Zadar, population 75,000, is surrounded by industrial sprawl but the old center is on a peninsula (rectangular instead of oval like the others) and has a lot of very interesting ‘stuff’. Venetian walls and town gates, Romanesque and Byzantine churches, Roman columns and ruins, a modern ‘sea organ’ and a device that soaks up the sun and then plays lights at night, several interesting churches. It was heavily damaged in WW II and the post war buildings are mixed in among the old buildings so architecturally it’s not an ‘ensemble’ type town, even in the heart of the old town, but it’s pleasant enough and the ‘sights’ are very worthwhile with a nice vibe.
We only spent one night - so about 24 hours - in Zadar which I felt was just about right. I'm glad I had more than a few hour stop over, but I felt after 24 hours I had seen all I wanted to. We stayed at 'Hotel Zara Palace' (booking.com, €72 night/double). It's not exactly a hotel, and it's definitely not a palace, it's a few rooms, but they are very nice, newly renovated and comfortable. And just off the main square. No reception desk but texting with the host he was there to greet us and give us the keys.
Zadar’s walls were originally built to keep out the invading forces from Turkey, and it successfully did its job, allowing the city to maintain its independence, with the walls never being breached. They are now a UNESCO world heritage site. There are still several of the original gates into the old town through the walls. The most impressive is the ‘Port Gate’ (Llucka vrata) fashioned from a Roman triumphal arch into a Renaissance grand entrance topped with a Venetian Lion. It sits beside the little Fosa harbor. Just inside this gate is Five Wells Square, 16th Century, featuring five identical wells in a line. This square, like many place we saw on this trip, was featured in Game of Thrones.
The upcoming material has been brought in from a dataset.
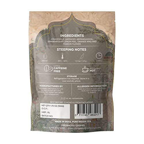 Nutty Yogi 100% Natural Chamomile Green Tea for Good Sleep & Relaxation |Herbal Tea Blend of Chamomile Lavender Ashwagandha Lemon Balm Orange Rind Shankhpushpi - 50 gm

The Riva is a seaside promenade that encircles the old town peninsula and features two interesting things. The Sea Organ (Morske orgulue) (built in 2005) looks like a set of wide steps going down into the sea but is designed so that the action of the waves pushes water through them creating ‘music’ (sounded more like the ‘song’ of a sea creature than actual music). Just past that is the ‘Greeting to the Sun/Pozdrav Suncu’ a 22 meter diameter solar panel in the pavement that ‘charges’ during the day and spews colored light patterns after dark.
Above top right: The Sea Organ Lower right: Crkva svete Marije Lower left: "Greeting to the Sun'
The Church of St Donat/Crkva svetog Donata is a 9th century Byzantine round church with remnants of columns and other stone pieces the Romans left behind. The 3 story cavernous interior is beautiful. Just behind it is the bell tower of the Cathedral of St Anastasia/Katedrala svete Stosije, 12th Century Romanesque. Views from the top of the tower include the entire old town (where the Roman street plan is still very evident) and the top of St Donat.
The main square, Narodni trg has been the center of public life in Zadar since the Renaissance. The ‘City Guard’ (Gradska straza) from 1562 is on the north side, the City Loggia (Gradska loza) on the south side is from the 13th century though rebuilt in 1565, and the Ghirardini Palace on the third side is Romanesque with a Gothic balcony.
Above top left: Five Wells Square Top Right: Narodni Trg Lower left: Katedrala svete Stosije Lower right: St. Chrysogonus
Šibenik is not one of those places that people mention when listing ‘must see’ destinations in Croatia. Mostly I’d heard about people stopping briefly to see the UNESCO listed cathedral when heading north from Split. But it made a convenient stop over between Zadar and Split and the photos I’d seen made me feel it might be worth it. So since expectations were not that high they were easily met and surpassed. While Šibenik doesn’t quite rank up there with Split or Dubrovnik, I think it is just as impressive as the more popular towns of Trogir and Zadar.
We took a bus from Zadar, having dropped off the car when we arrived there. We had one night, so again, about 24 hours. And like Zadar, I felt that was just about right. I'm glad I saw it in the evening and the morning and had time to explore the town and not just see the Cathedral, but you don't really need more than 24 hours. We stayed at another "room" found on booking.com (€72 night/double). Almost impossible to find, even with google maps, but once we did it was very comfortable. Palace Rialto Rooms. An old building, right in the center of the old town, with a collection of several ensuite rooms. In this case we never saw the 'host', they texted us a code which was used to gain entry.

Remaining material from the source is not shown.